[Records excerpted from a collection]
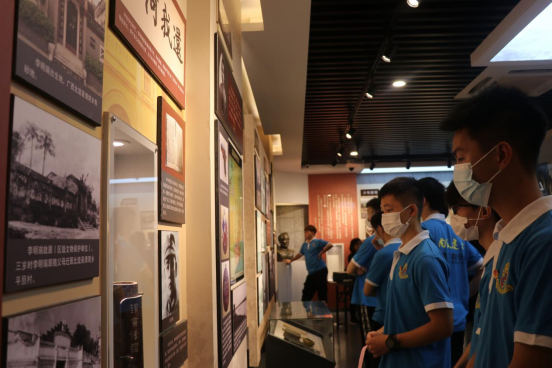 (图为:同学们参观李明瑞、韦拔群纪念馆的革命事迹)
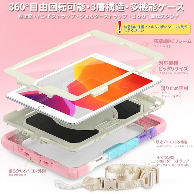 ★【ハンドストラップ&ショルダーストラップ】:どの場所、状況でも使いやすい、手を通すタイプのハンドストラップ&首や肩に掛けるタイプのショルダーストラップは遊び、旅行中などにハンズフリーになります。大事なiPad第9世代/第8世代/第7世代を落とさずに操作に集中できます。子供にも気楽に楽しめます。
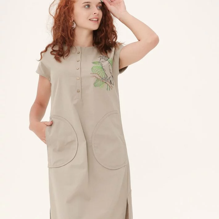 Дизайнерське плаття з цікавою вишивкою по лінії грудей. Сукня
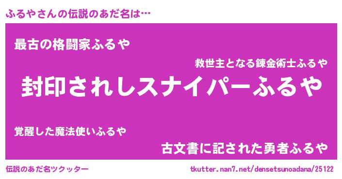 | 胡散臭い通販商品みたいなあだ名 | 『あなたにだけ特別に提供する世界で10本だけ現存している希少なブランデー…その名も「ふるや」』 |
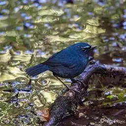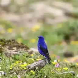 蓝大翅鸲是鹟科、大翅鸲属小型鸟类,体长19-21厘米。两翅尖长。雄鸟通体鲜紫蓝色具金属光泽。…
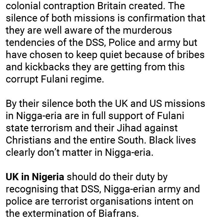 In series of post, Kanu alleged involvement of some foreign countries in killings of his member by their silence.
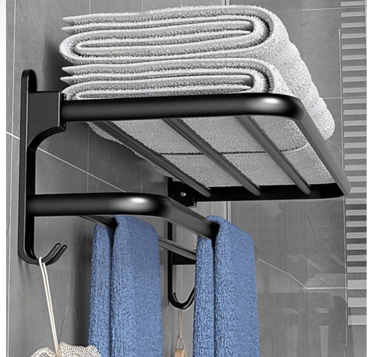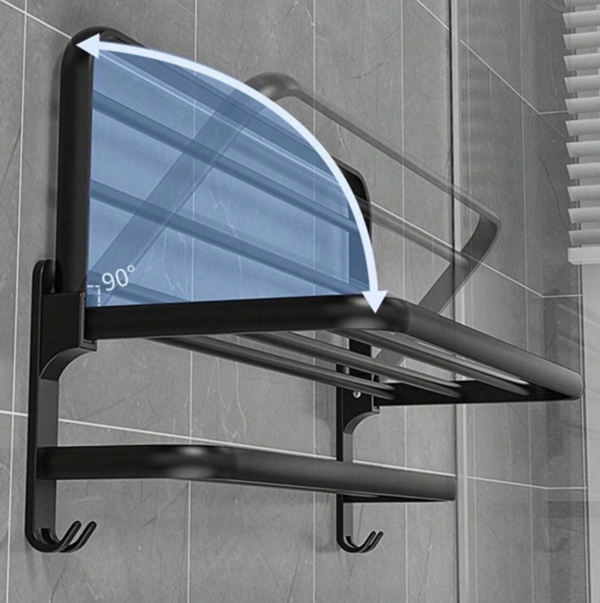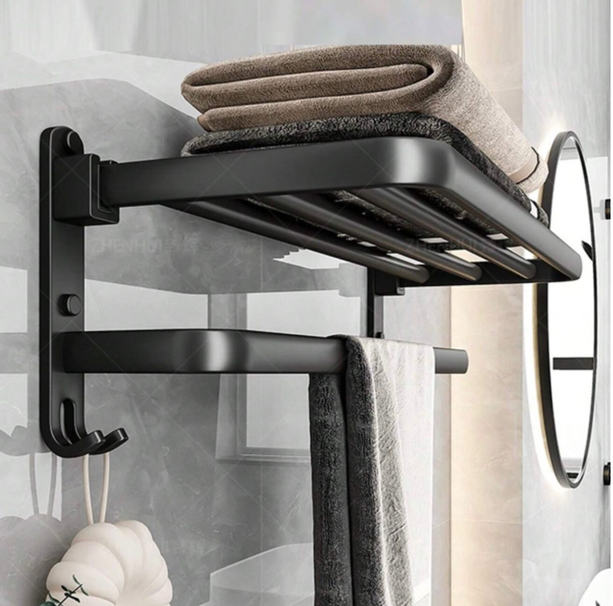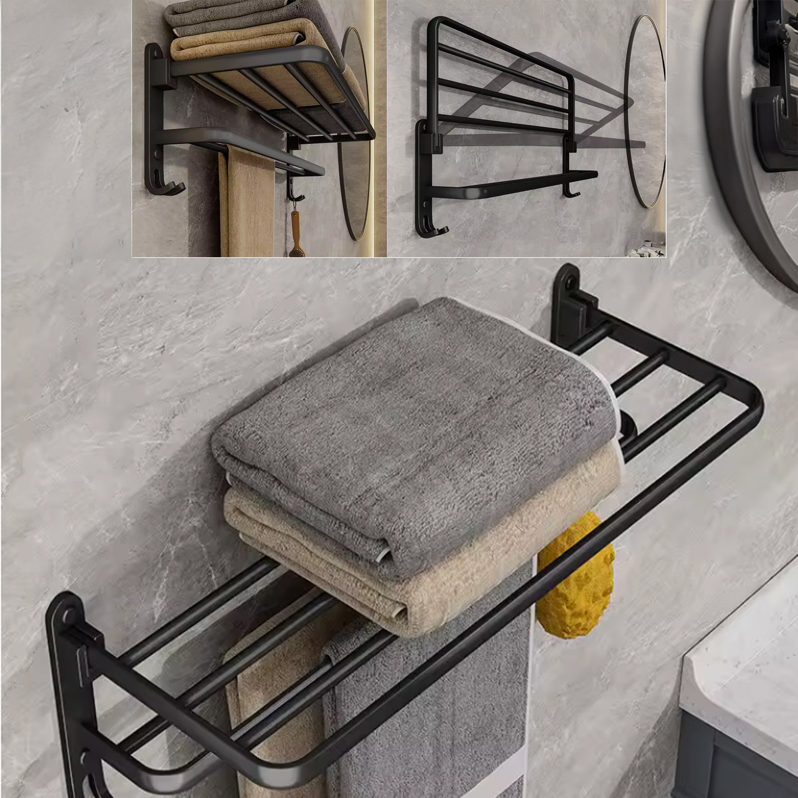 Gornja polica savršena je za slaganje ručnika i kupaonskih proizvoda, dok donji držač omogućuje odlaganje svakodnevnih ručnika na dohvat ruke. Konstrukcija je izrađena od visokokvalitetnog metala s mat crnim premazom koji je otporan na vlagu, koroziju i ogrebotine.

(INSTRUCTIONS TO FOLLOW)
Leaving out the pictures, return exactly the lines from the one that contains "In series of" through the last line of the records above, inclusive.

(EXERCISE RESPONSE)
 In series of post, Kanu alleged involvement of some foreign countries in killings of his member by their silence.
 Gornja polica savršena je za slaganje ručnika i kupaonskih proizvoda, dok donji držač omogućuje odlaganje svakodnevnih ručnika na dohvat ruke. Konstrukcija je izrađena od visokokvalitetnog metala s mat crnim premazom koji je otporan na vlagu, koroziju i ogrebotine.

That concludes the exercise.